══ Extracted information ══
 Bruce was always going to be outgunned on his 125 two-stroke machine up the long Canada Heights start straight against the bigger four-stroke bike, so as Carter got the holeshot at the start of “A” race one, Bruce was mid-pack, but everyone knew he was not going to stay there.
═══
══ Extracted information ══
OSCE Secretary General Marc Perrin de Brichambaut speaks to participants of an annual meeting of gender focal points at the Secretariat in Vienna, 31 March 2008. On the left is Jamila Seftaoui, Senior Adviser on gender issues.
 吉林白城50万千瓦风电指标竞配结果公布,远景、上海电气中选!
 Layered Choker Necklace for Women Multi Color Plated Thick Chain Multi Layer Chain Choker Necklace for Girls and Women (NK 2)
═══
══ Extracted information ══
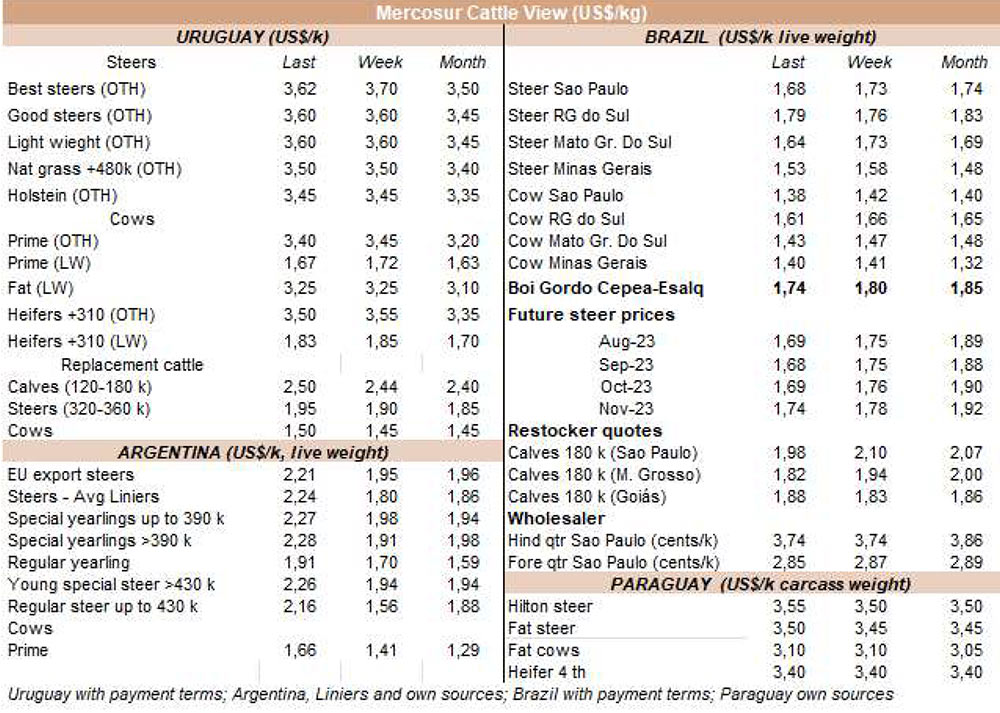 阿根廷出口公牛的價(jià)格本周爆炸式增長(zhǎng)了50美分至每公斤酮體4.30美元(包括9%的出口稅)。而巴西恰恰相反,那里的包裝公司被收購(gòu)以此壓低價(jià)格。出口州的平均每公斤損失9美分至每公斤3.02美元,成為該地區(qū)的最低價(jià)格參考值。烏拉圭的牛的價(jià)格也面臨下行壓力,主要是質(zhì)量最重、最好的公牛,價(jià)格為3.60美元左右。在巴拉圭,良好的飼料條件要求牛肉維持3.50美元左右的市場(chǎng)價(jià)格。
═══
Requirement: The entries above hold a line with "吉林白城50万千瓦风电指标竞配结果公布,远景、上海电气中选!" and a later line with "Layered Choker Necklace". Write out exactly those lines and all lines between, nothing more.

The completed task:
 吉林白城50万千瓦风电指标竞配结果公布,远景、上海电气中选!
 Layered Choker Necklace for Women Multi Color Plated Thick Chain Multi Layer Chain Choker Necklace for Girls and Women (NK 2)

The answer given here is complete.